> Try it: Would you transcribe the entries below, beginning at the line with "Nous y serons" and ending after the line with "在互动环节中,小朋友们分组操", exactly, with no picture and nothing more?

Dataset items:
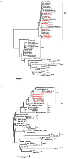 - Al-Sharif, H.A.; El-Kafrawy, S.A.; Yousef, J.M.; Kumosani, T.A.; Kamal, M.A.; Khathlan, N.A.; Kaki, R.M.; Alnajjar, A.A.; Azhar, E.I. Dominance of the ON1 Genotype of RSV-A and BA9 Genotype of RSV-B in Respiratory Cases from Jeddah, Saudi Arabia. Genes 2020, 11, 1323. [Google Scholar] [CrossRef] [PubMed]
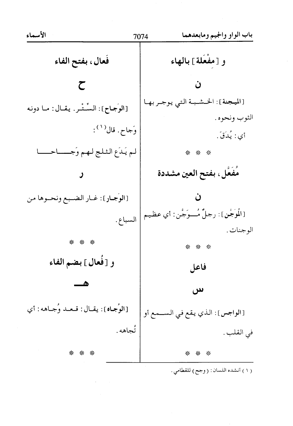 [الوَجاح]: السِّتْر. يقال: ما دونه وَجاح. قال «1»:
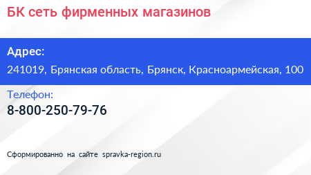 БК, сеть фирменных магазинов по адресу 241019, Брянская область, Брянск, Красноармейская, 100 в дальнейшем Организация, размещена в следующих категориях:
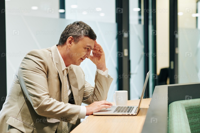 Усталый бизнесмен, работающий на ноутбуке
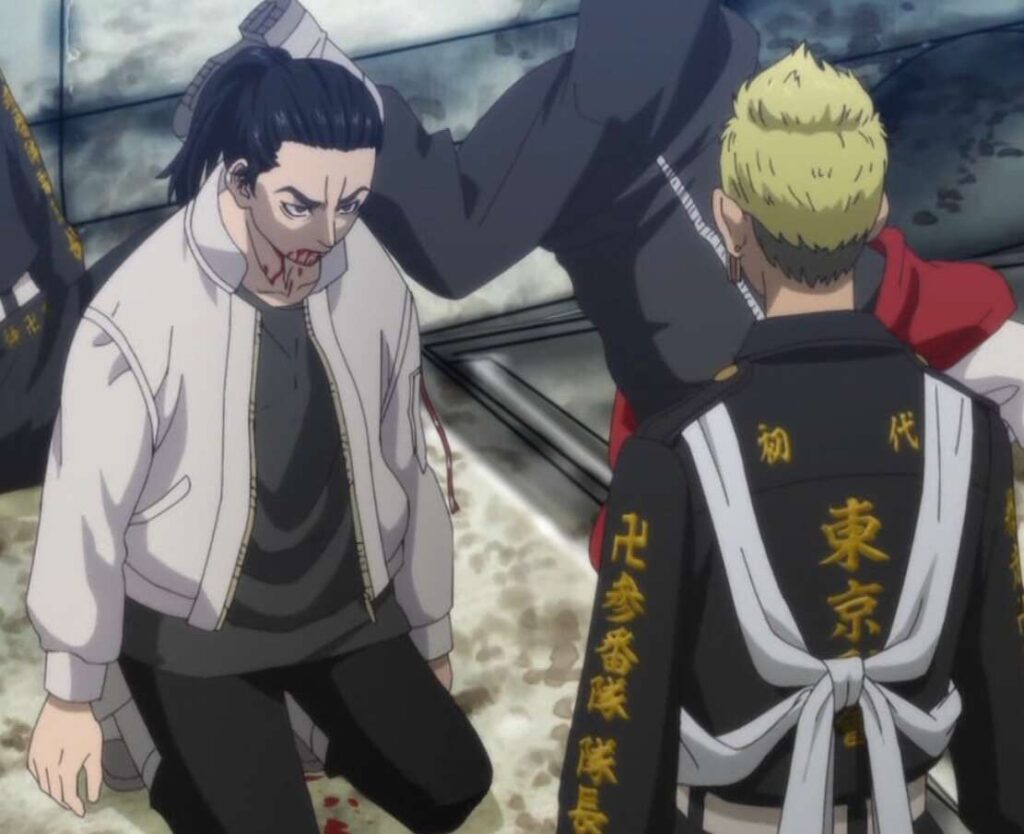一虎を含め、三人を倒したマイキーですが、鉄パイプで殴られたマイキーはその場に座り込んでしまいそのまま動けなくなってしまいます。それを見た芭流覇羅のメンバーは無敵のマイキーを倒すチャンスと、マイキーに止めを刺そうと殺到します。
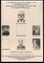 acompañados por los👮🇲🇫 a la estación,proporcionando billetes y pases para la zona libre. La redada q se produjo el 19 d Julio,sólo apresó a 32 judíos,350 consiguieron escapar.Vigneron fue arrestado por esto. Vigneron y los seis👮,pasaran a la historia como los justos de Nancy.
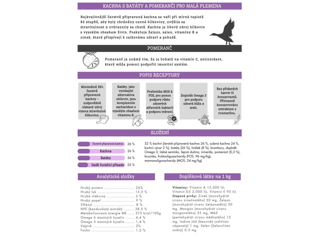 Složení: 50 % kachní (čerstvě připravená kachna 28 %, sušená kachna 20 %, kachní vývar 2 %), batáty (26 %), hrášek (6 %), brambory, doplněk Omega 3, lněné semínko, řepná dužina, minerály, pomeranč (0,3 %), brusinka, fruktooligosacharidy (FOS, 96 mg/kg), mannanoligosacharidy (MOS, 24 mg/kg)
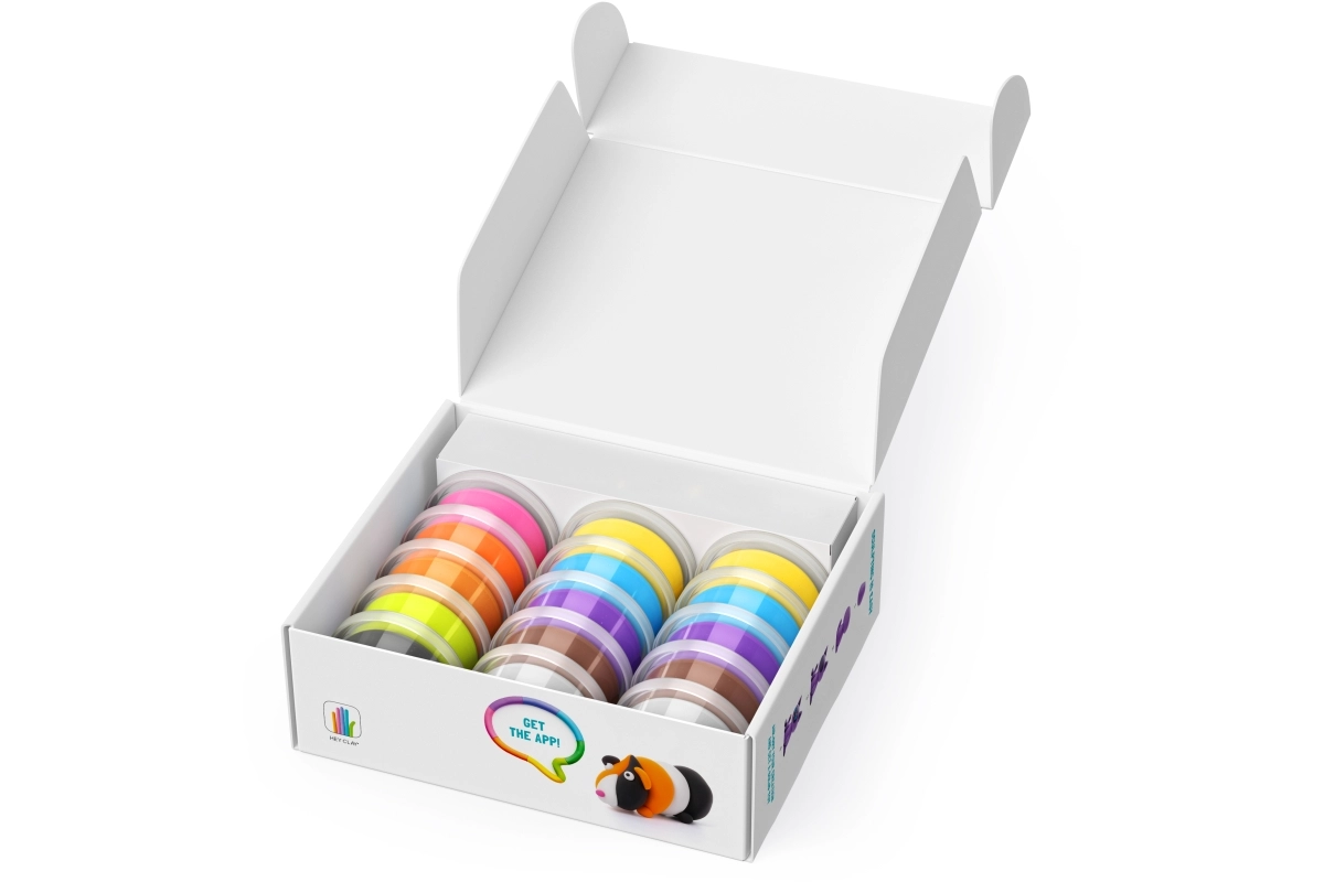 - 15 kelímkov modelovacej hmoty, prístupový kód do aplikácie HEY CLAY
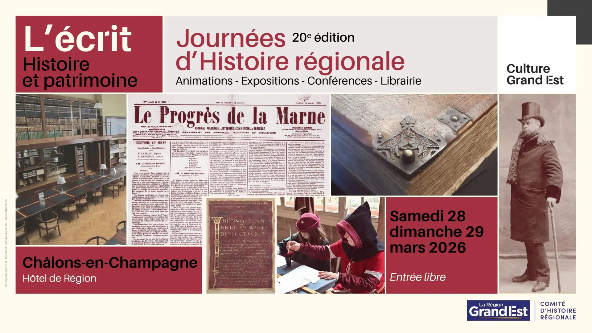 Nous y serons vite ! les Journées d'Histoire Régionale auront lieu les 28 et 29 mars 2026 avec pour cadre l'hôtel de Région de Châlons-en-Champagne (51). Le thème est : "L'écrit. Histoire et patrimoine"
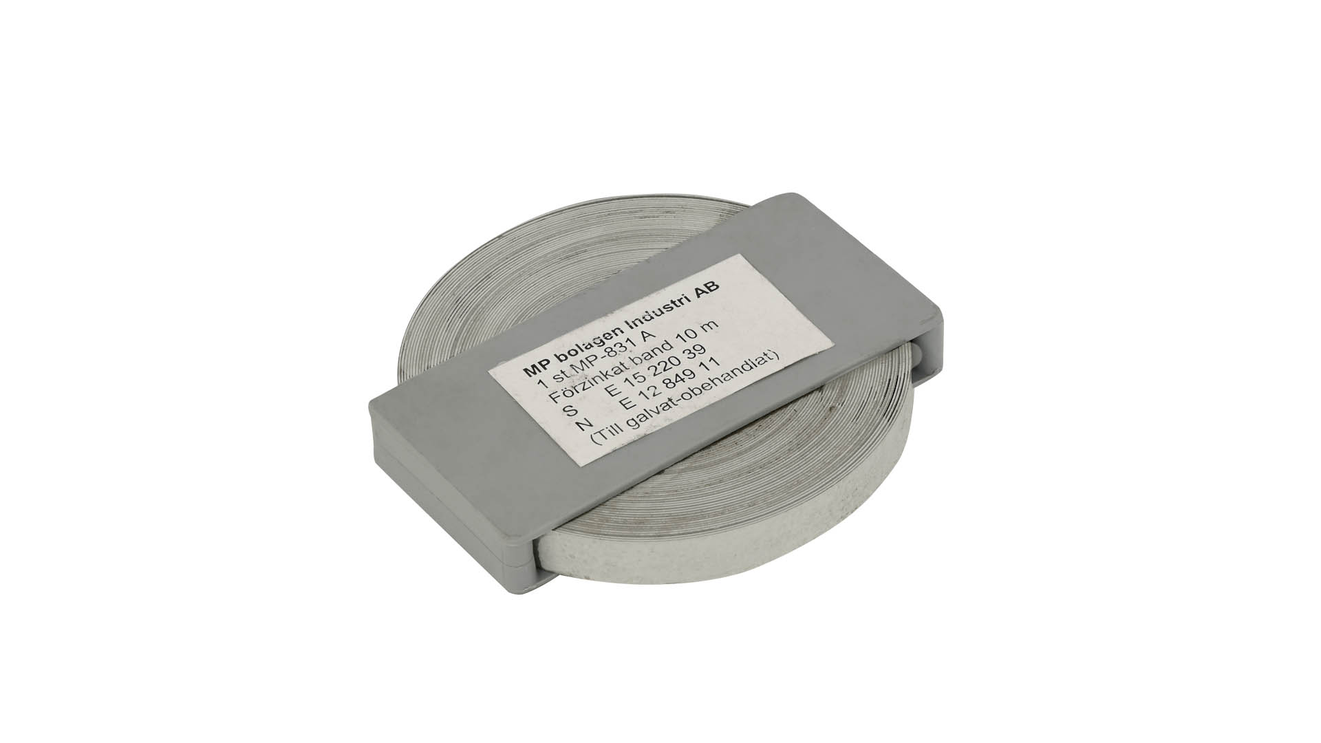 Stålband 10x0,5 mm med gradade kanter. Brottgräns 600N/mm² ± 100 N. Bandet (10 m) är upprullat i en plastkassett där änden göms i kassetten för att inte haka fast i omgivande föremål. OBS! Vid anslutning kring obehandlat rör använd aluzinkat band.
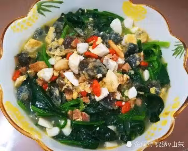 食材清單:1、準備洗凈的菠菜一把,放入盆中備用,生薑一小塊切成薑末,放入盆中,大蒜幾粒拍扁切成蒜末,和薑末放在一起,煮熟的鹹鴨蛋一個,先剝去外皮,把蛋黃和蛋清分別切碎,一起放入小盆中,小米椒一個切成細圈,放入盆中用來配色。
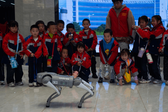 在互动环节中,小朋友们分组操作,在社团成员和专业老师指导下,发挥创造力和实践操作能力,与机器狗欢乐互动。现场气氛热烈,欢笑声不断。
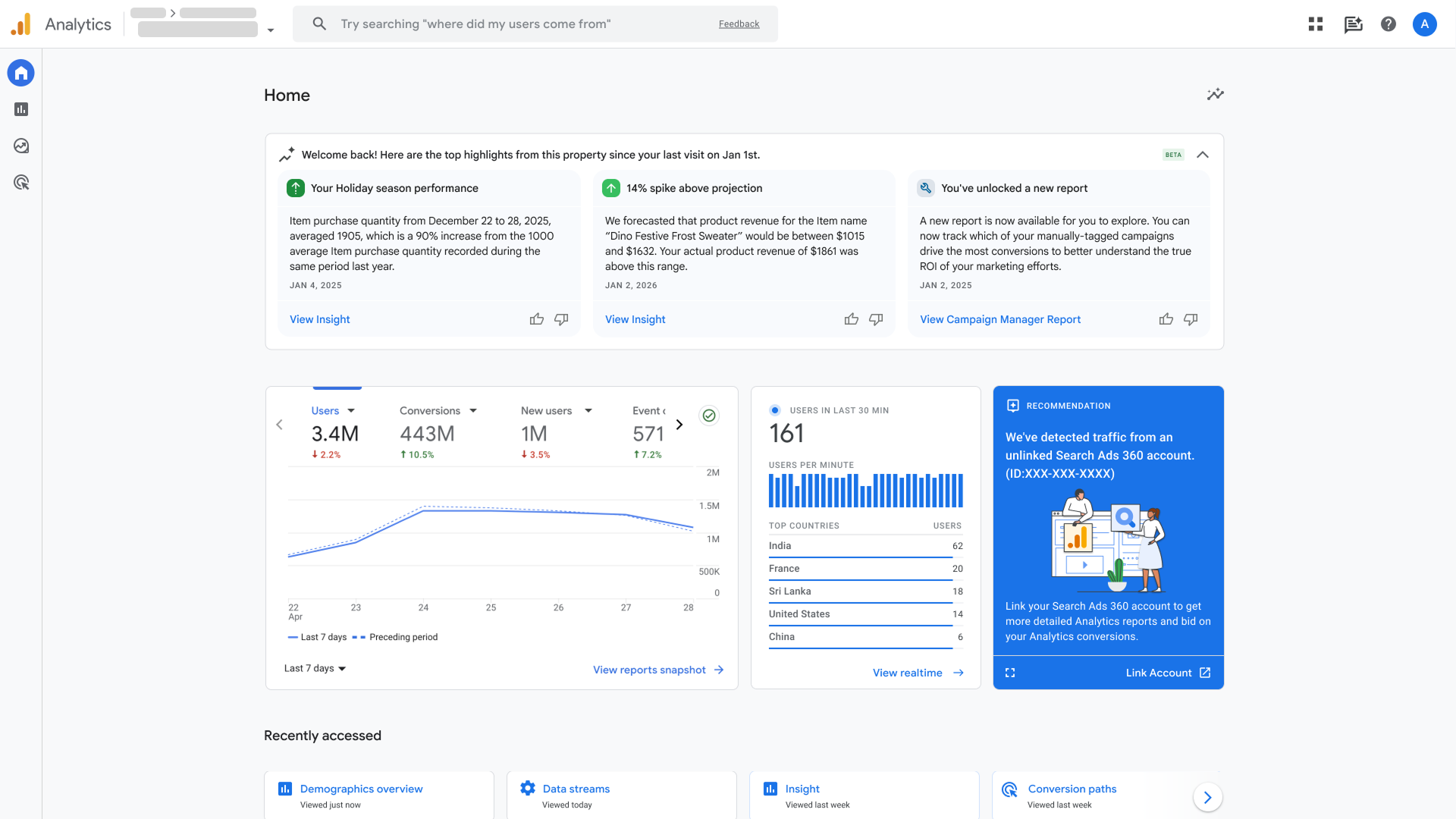 Generated insights on the Google Analytics Home page provides a concise, AI-generated overview of the most critical changes to your data since your last visit. Designed to improve data discoverability, this feature highlights key developments such as completed Google Ads or Search Console integrations, significant traffic anomalies, and seasonality changes. By surfacing these updates on the Home page, the feature helps you quickly prioritize urgent issues or opportunities without manually digging through your data.
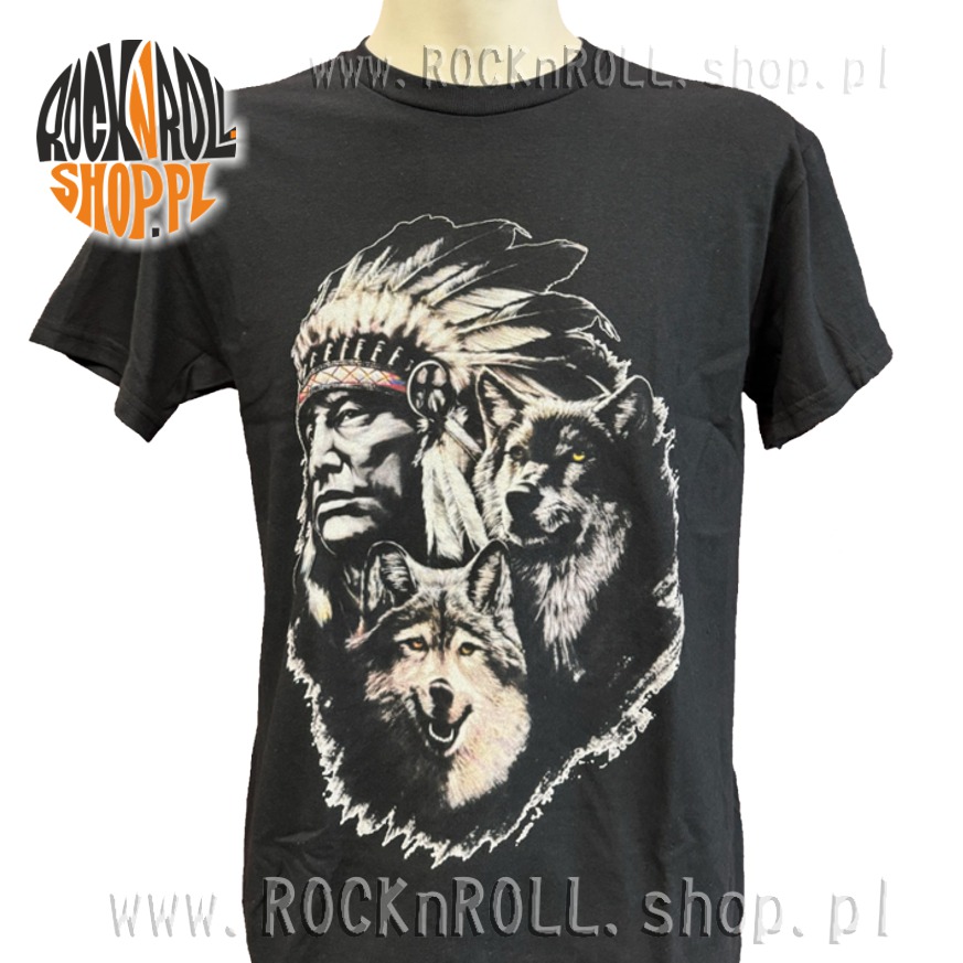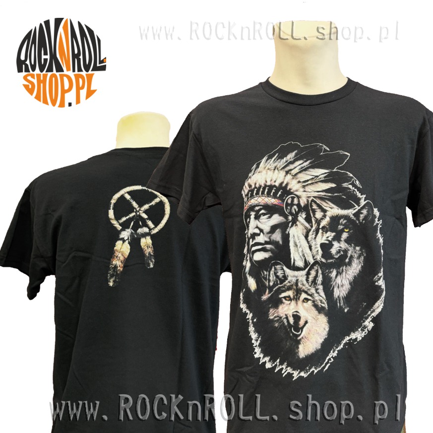 Na przedniej stronie widnieje duża, szczegółowa grafika przedstawiająca mężczyznę w pióropuszu w towarzystwie dwóch wilków.
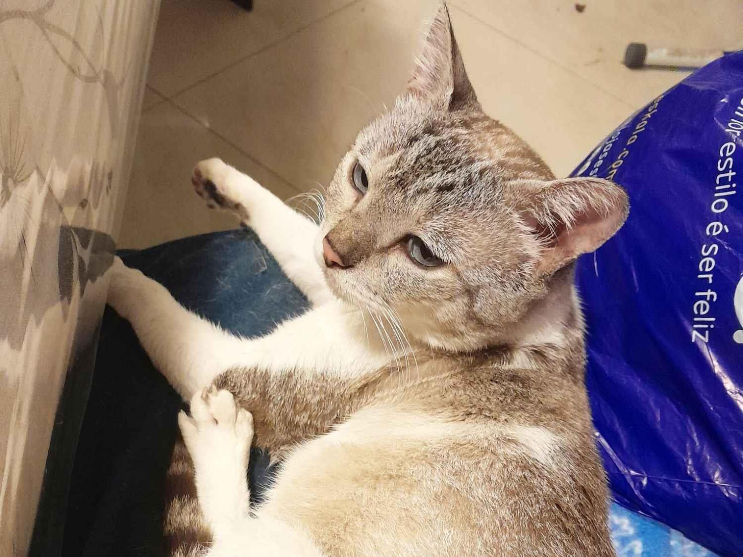 Rafinha Rodolfo Periquitinho é uma gracinha de gatinho que foi ganhando os nomes pomposamente! Um pequeno (literalmente) gatinho jovem adulto, de aproximadamente 1 aninho e meio a 2, que ou foi abandonado ou fugiu de casa, um amor de gatinho, sobrevivente das ruas!

> Written answer:
 Nous y serons vite ! les Journées d'Histoire Régionale auront lieu les 28 et 29 mars 2026 avec pour cadre l'hôtel de Région de Châlons-en-Champagne (51). Le thème est : "L'écrit. Histoire et patrimoine"
 Stålband 10x0,5 mm med gradade kanter. Brottgräns 600N/mm² ± 100 N. Bandet (10 m) är upprullat i en plastkassett där änden göms i kassetten för att inte haka fast i omgivande föremål. OBS! Vid anslutning kring obehandlat rör använd aluzinkat band.
 食材清單:1、準備洗凈的菠菜一把,放入盆中備用,生薑一小塊切成薑末,放入盆中,大蒜幾粒拍扁切成蒜末,和薑末放在一起,煮熟的鹹鴨蛋一個,先剝去外皮,把蛋黃和蛋清分別切碎,一起放入小盆中,小米椒一個切成細圈,放入盆中用來配色。
 在互动环节中,小朋友们分组操作,在社团成员和专业老师指导下,发挥创造力和实践操作能力,与机器狗欢乐互动。现场气氛热烈,欢笑声不断。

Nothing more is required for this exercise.